Monday, Jul. 15, 1957
Mom v. Mao
LETTER FROM PEKING (252 pp.)--Pearl S. Buck--John Day ($3.75).
Pearl S. Buck is still presiding over her China with the air of a lady dispensing oolong from a rare porcelain tea service. In her 43rd book, she subdues the storm over Asia to the dimensions of one of her teacups. The conflict between Communist China and the West is symbolized by the MacLeods of Raleigh, Vt. Gerald MacLeod, although not a Communist, lives in Peking and is president of its Communist-run university.
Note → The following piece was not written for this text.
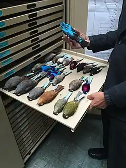 Los primeros ejemplares representan aves que eran mascotas o procedían de zoológicos. Entre los ejemplares de aves más antiguos que se conservan se encuentra un loro gris africano que perteneció a Frances Teresa Stuart (1647-1702) y que fue enterrado con su dueña en la abadía londinense de Westminster.[9] Se han encontrado varios ibis y halcones momificados en tumbas egipcias que datan de entre los años 600 y 300 a. C.[10][11][12] Los ejemplares de aves obtenidos a partir del siglo XVIII para colecciones de historia natural se obtenían en la mayoría de los casos con armas de fuego. Se preferían las escopetas con perdigones de «polvo» para reducir los daños a los especímenes.[13] Hoy en día, los especímenes proceden de diversas fuentes. Muchos (quizá la mayoría) se recuperan de aves muertas por golpes contra ventanas y torres de comunicaciones, gatos domésticos, capturas accidentales de pesquerías, muertes por enfermedades, choques contra vehículos y otras fuentes accidentales de mortalidad. Sin embargo, se ha argumentado que las colecciones de aves del mundo son inadecuadas para documentar la diversidad aviar desde el punto de vista taxonómico, geográfico y temporal, y se considera que algunas partes de las regiones tropicales están infrarrepresentadas en determinados museos.[14] Los taxones infrarrepresentados siguen siendo recolectados activamente por los ornitólogos, generalmente utilizando armas de fuego o redes de niebla. En la mayoría de los países, estas actividades están supervisadas por organismos que conceden permisos.
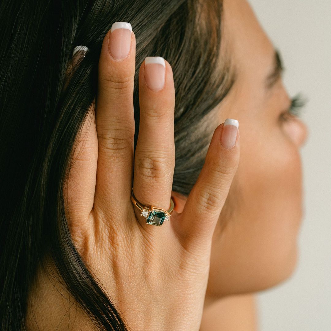 In one of our most adored colours, this square emerald cut blue-green Sri Lankan Sapphire is paired with step cut Diamond trapezoid accents. This piece is low-set which allows more subtle profile to the ring as the stone rests right on your finger. Style as an engagement or cocktail ring.

Wife Elizabeth MacLeod lives in Vermont with their son Rennie and her father-in-law. Old Mr. MacLeod, who was once adviser to the Boy Emperor (1909-12) and took a Chinese woman to wife, has gone Confucian in the saddest way. Mrs. MacLeod calls him "Baba" ("It is easier to say than Father") and he is also thoroughly gaga.
What with Baba trying to be Chinese in Vermont, and Rennie struggling to forget his ancestral Chinese quarter, Mrs. MacLeod is having quite a time of it. In a letter from Peking, husband Gerald writes that he loves her and all that, but, since the Communists dislike his non-Sinic connections, he is obliged to take another wife. The new Chinese wife also writes to Vermont ("Dear Elder Sister . . ."). Throughout, Mrs. MacLeod proves to be so quilted in sensibility as to resemble a carnivorous tea cosy.
As a parable of East-West relations, the book is not worth a spill of rice paper. Yet somehow it may be fascinating as an example of the kind of charm which, incomprehensibly, industrious Pearl Buck has exercised over a generation of U.S. women readers--and even over the Nobel Prize committee. Perhaps unintentionally, the book gives a portrait of merciless maternalism. The real crisis comes when young Rennie, forgetting that father Gerald in Peking has forbidden him to use any but the "stately name of Mother," comes out with the awful truth.
"Mom," he says.
In that instant the reader feels a secret sympathy for Gerald's decision to take his chances with the Reds: better Mao than Mom. By story's end, Mom buries Baba (forgetting that Father is quite as stately a name as Mother), and is left palpitating on a significantly empty stage.